Apasih susahnya sepakat?
Yang satu bilang “A”, yang lainnya bilang “B’.
Konsistensi juga sama, serupa orang mabuk yang lupa semalem
dia abis ngapain. Nanya ke temen dibilang “anteng kok gak apa-apa”, nanya
kenalan yang ikut “sebenernya kacaw, tapi masih batas wajar”, nanya dia yang
peduli “wah parah sih, mungkin perlu mitigasi”, tapi nuraninya denial.
Mereka yang kenal juga sama, tololnya sampe ke akar. Mau
acara cepat selesai, tapi gamau ikutin rundown acara, begitu ditegasin dibilang
gak asik, memaksakan kehendak, mengekang, berucap “kami juga butuh berkreasi
untuk mencari nasi!”
Yang mendapat berita buruk juga sama saja, otaknya tidak
dipakai. Diajak berjarak untuk mengevaluasi, malah memaksakan berdekatan karena
kehendak Tuhan. Tuhan juga maklum bahwa umatNya juga harus berusaha untuk
selamat, bukan hanya mengandalkan Dia saja.
Dijemput untuk lebih baik malah mengamuk? Apa motivasinya? Merasa
dirinya tidak kenapa-kenapa? Lebih baik dan lebih tahu dirinya sendiri daripada
data dan orang-orang yang ahli dan meluangkan waktunya untuk belajar? Mungkin
otak mereka bebal karena beban hidup dan rasa takut.

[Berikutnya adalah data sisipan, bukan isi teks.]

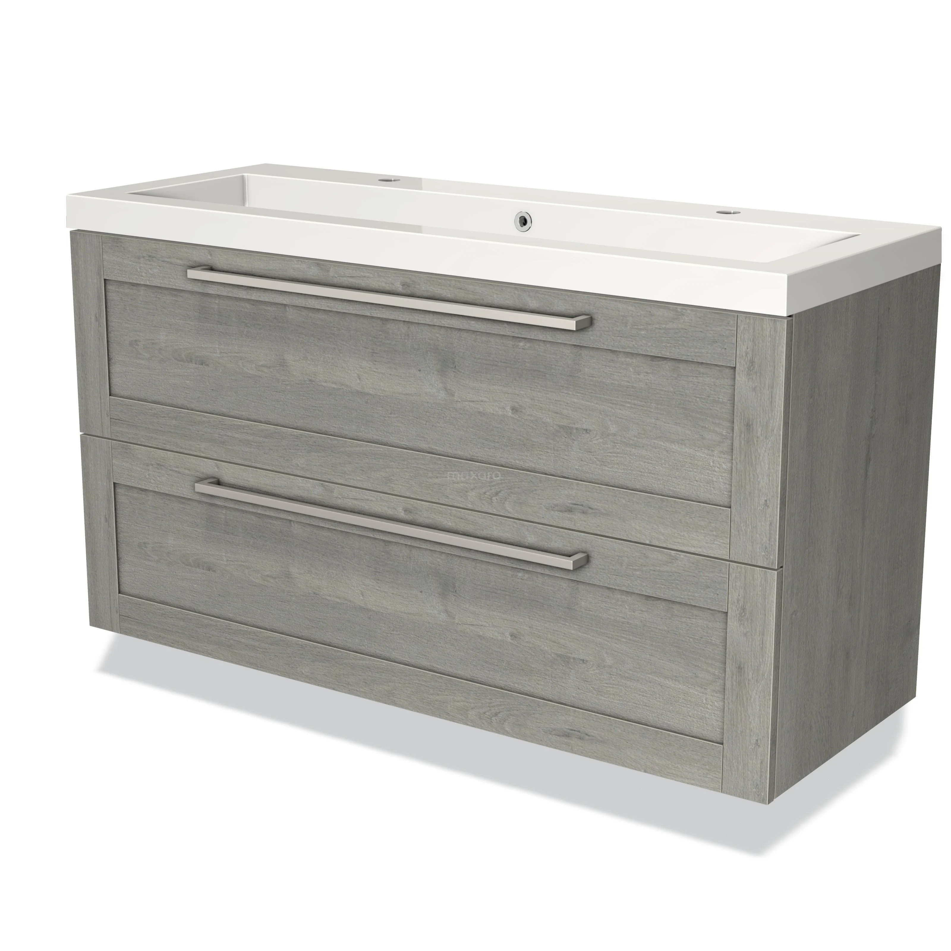 Modulo Waschtische | 120 cm Graue Eiche Rahmen front Mineralguss 2 übereinanderliegende Schubladen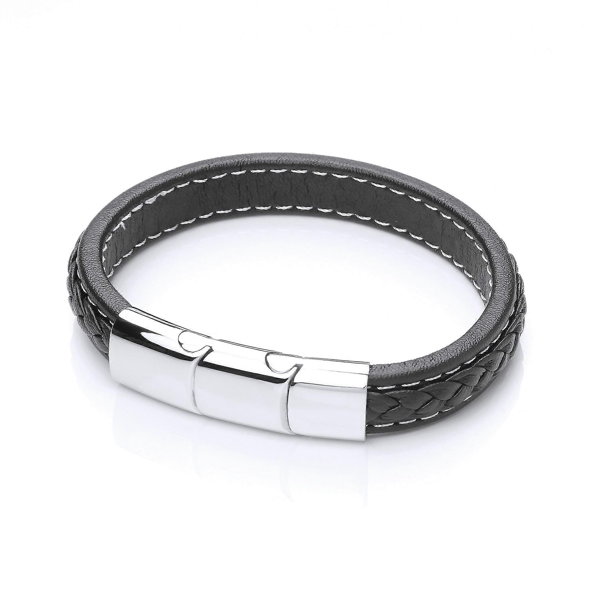 Jewelco London Mens Rhodium Plated Stainless Steel Black Leather Platted Cuff Bracelet 12mm
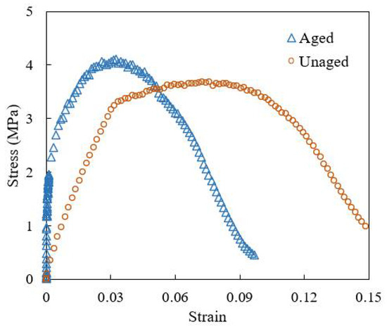 According to the accelerated aging method in the T0734 section of the Chinese standard of JTG E20-2011 [22], the high viscosity asphalt mortar prepared in Section 2.3 was placed in an 85 °C oven for 1 day, so as to prepare the aged specimens. As in Section 2.3, the tensile curves of the aged and unaged specimens were tested, as shown in Figure 4. The calculated fracture strain after aging was 0.0242, and the fracture energy was 4.715 kJ/m2. On this basis, five sets of parameters to were determined to characterize different aging stages of mortar, as shown in Table 4.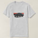 Rendição de um gasser 1957 preto de Chevy com as listras vermelhas atrás dele na camisa colorida.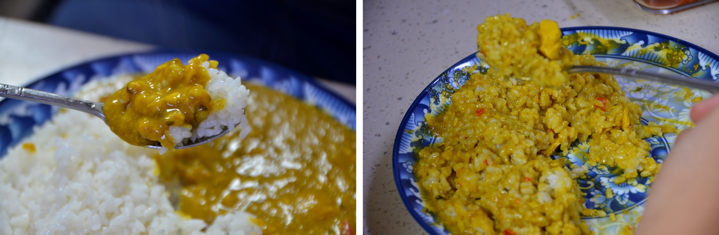 맛있게 먹는법은 카레를 비비기전에 밥과 함께 떠먹어 보기도 하고

Bukannya melindungi sesamanya dan menjaga, malah ikut-ikutan
orang yang tidak jelas pendapatnya didapatkan darimana. Dia dikenal, tapi
sayang hanya dikenal karena kebodohannya, lantang, dan diperlihatkan pula di
depan khalayak banyak.
Media juga tidak membantu, menjadi populer memang perlu,
apalagi dijaman sekarang, uang datang dari kursor pengguna, bukan pelanggan
loper di pagi buta. Maunya hanya memberitakan hal-hal baik, padahal faktanya
berlawanan. Masyarakat butuh edukasi,
bukan disuapi remahan gemblong manis di sore hari.

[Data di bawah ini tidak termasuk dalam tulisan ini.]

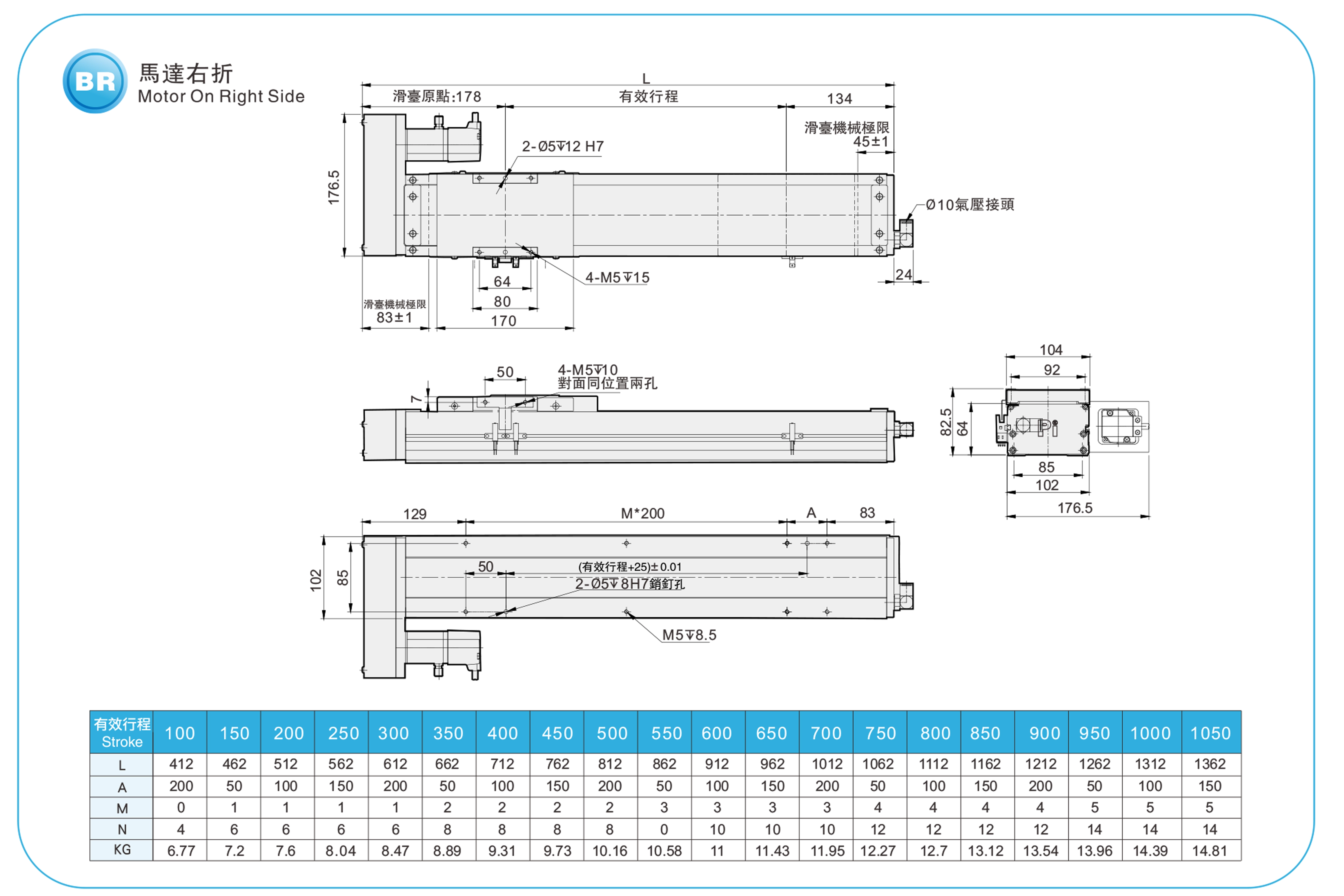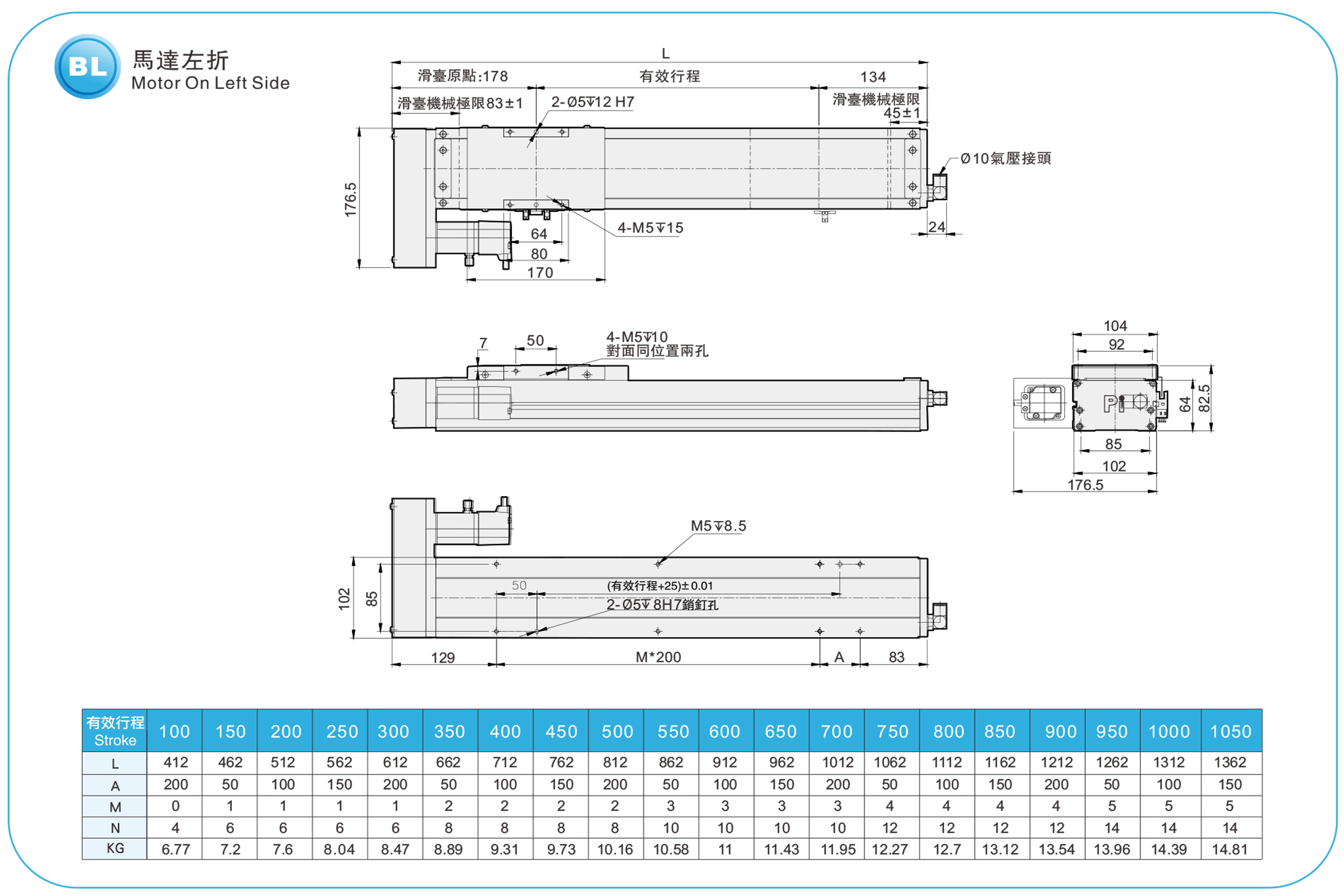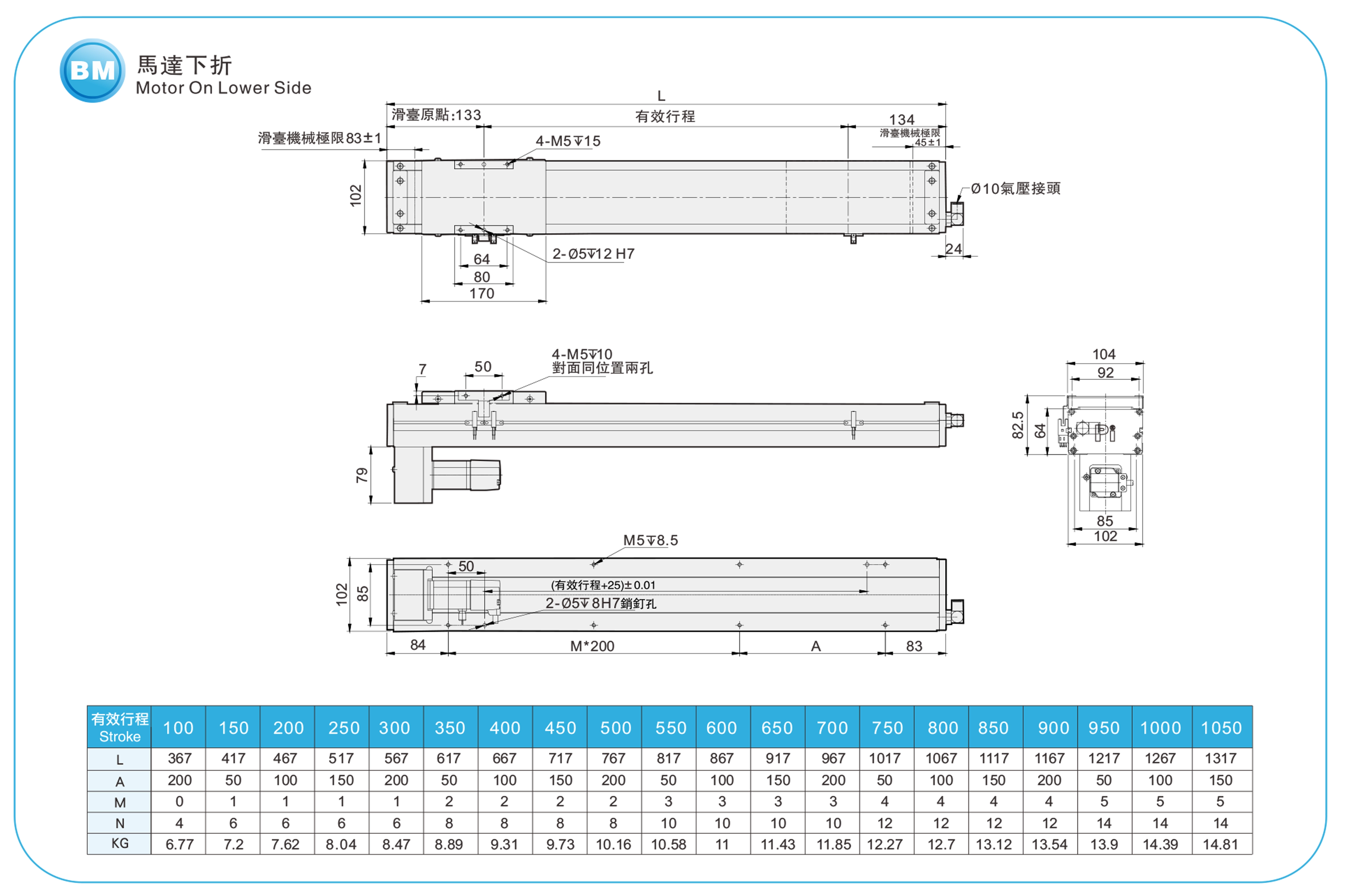 | Hubteilung (mm) | 100–1050 mm / 50 mm Steigung | |||||

Jika mereka yang ada di depan mulai desersi, apa lagi yang
akan kamu cari? Alasan? Akhirat? Maklumat? Bukan, kamu cuma butuh tenang,
tunggu, dan dukung supaya yang lain bisa berobat. Kalau nanti obatnya sudah
selesai, mau kamu jungkir balik dan melompat, kami tentu bodo amat.
Ketika tidak tegas dan tidak siap, apalagi tidak berani
mengambil langkah cepat, akhirnya hanya morat-marit kalut ketakutan. Toh tetangga
yang diatur dengan cara lebih keras, bisa lebih cepat bebas dari cengkraman
maut dengan cepat.
Ketika ego dan keroncongan mulai mengalahkan rasa sehat
karena penanganan lambat. Siapa yang mau bertanggung jawab? Gak ada, yang duduk
nyaman dan aman juga cuma bisa berwacana, sembari sesekali menyeka keringat,
takut-takut dirinya kolaps.
Romantisasi saja semua, biar fakta tengkurap, dan yang
lainnya bisa puas menguap, toh aku juga hanya bisa cuap-cuap.